Он быстро, летучей походкой добрался до штабелей, за одним из которых скрылся Житнухин с бригадиром, выглянул аккуратно и тут же отпрянул назад.

Житнухин привалил бригадира к штабелю, ухватился за его физиономию обеими руками, с силой сжал ладони – так сжал, что у несчастного бригадира открылся рот и вывернулся наизнанку, – и теперь плевал прямо в этот рот.

– Я же тебе говорил, чтобы обо всем, что происходит в вашем сраном бараке, ты докладывал мне лично? – шипел, будто Змей Горыныч, Житнухин. – Говорил? Почему ничего не доложил?

Последовали два жирных метких плевка в рот. И откуда он столько слюны брал, этот бесцветный вологодский сверчок?

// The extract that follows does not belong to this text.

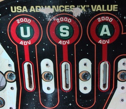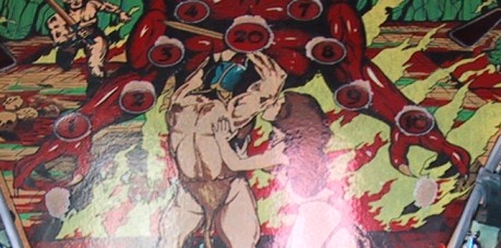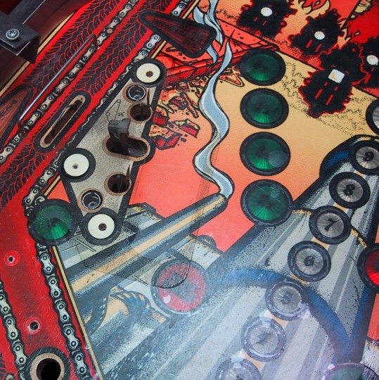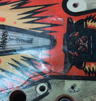 The ball rolling over the inserts has worn off most of the paint around the inserts. Two other area that take quite a beating are around the pop bumpers and the slingshot kickers. The force of the ball being "kicked" back onto the playfield wears a hole in the paint quickly:
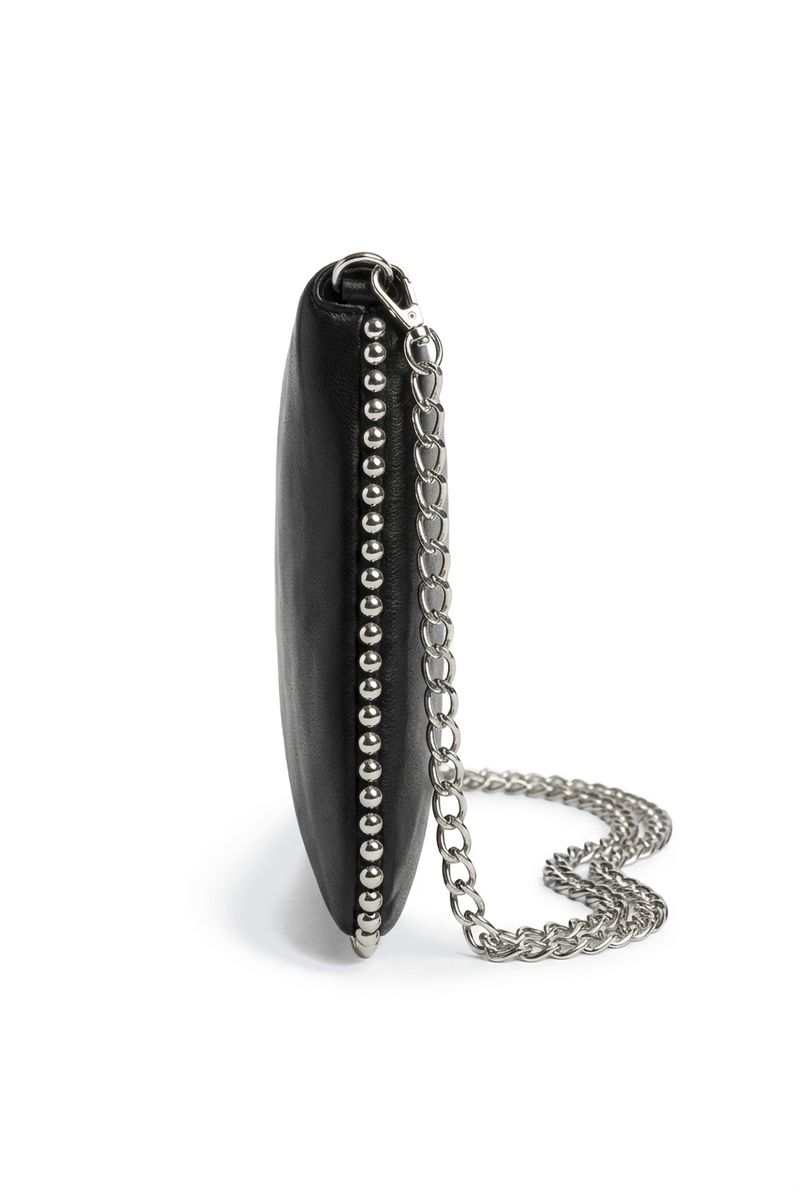 Eleve seu estilo com a Bolsa Clutch Feminina Caedu. Seu design elegante e compacto, em suede preto com rebites prateados e alça de corrente, oferece um toque de glamour. Um acessório essencial que une moda e sofisticação, perfeito para complementar seus looks com versatilidade.

Ишь, как верещит. Бывший фронтовой интендант пытался ездить головой из стороны в сторону, но вохровец держал его крепко.

Явно Житнухин действовал по указке «кума», – похоже, велось внутреннее расследование, только велось оно не лобовым путем, а дорожками окольными, исподтишка. Иначе бы вряд ли Житнухин так усердствовал.

– Не выполняешь ты своих обязательств, фашист, – неожиданно устало проговорил Житнухин, плюнул напоследок в рот интенданта и отнял руки от его физиономии.

Брезгливо отер пальцы о плотные диагоналевые брюки, которые не одолевали комары, не могли ее прокусить: хорошую ткань готовили на фабриках для вертухаевых штанов.

– Тьфу! – Житнухин поправил висевший на плече автомат и перед тем, как уйти, произнес назидательно: – Обо всем, что происходит в бараке, докладывай мне, а я уж сообщу товарищу младшему лейтенанту, понял? Не будешь докладывать – снова наплюю в твой гнилой рот, а потом отправлю в карцер. Причем, учти, – постараюсь сделать так, чтобы оттуда ты уже не вышел.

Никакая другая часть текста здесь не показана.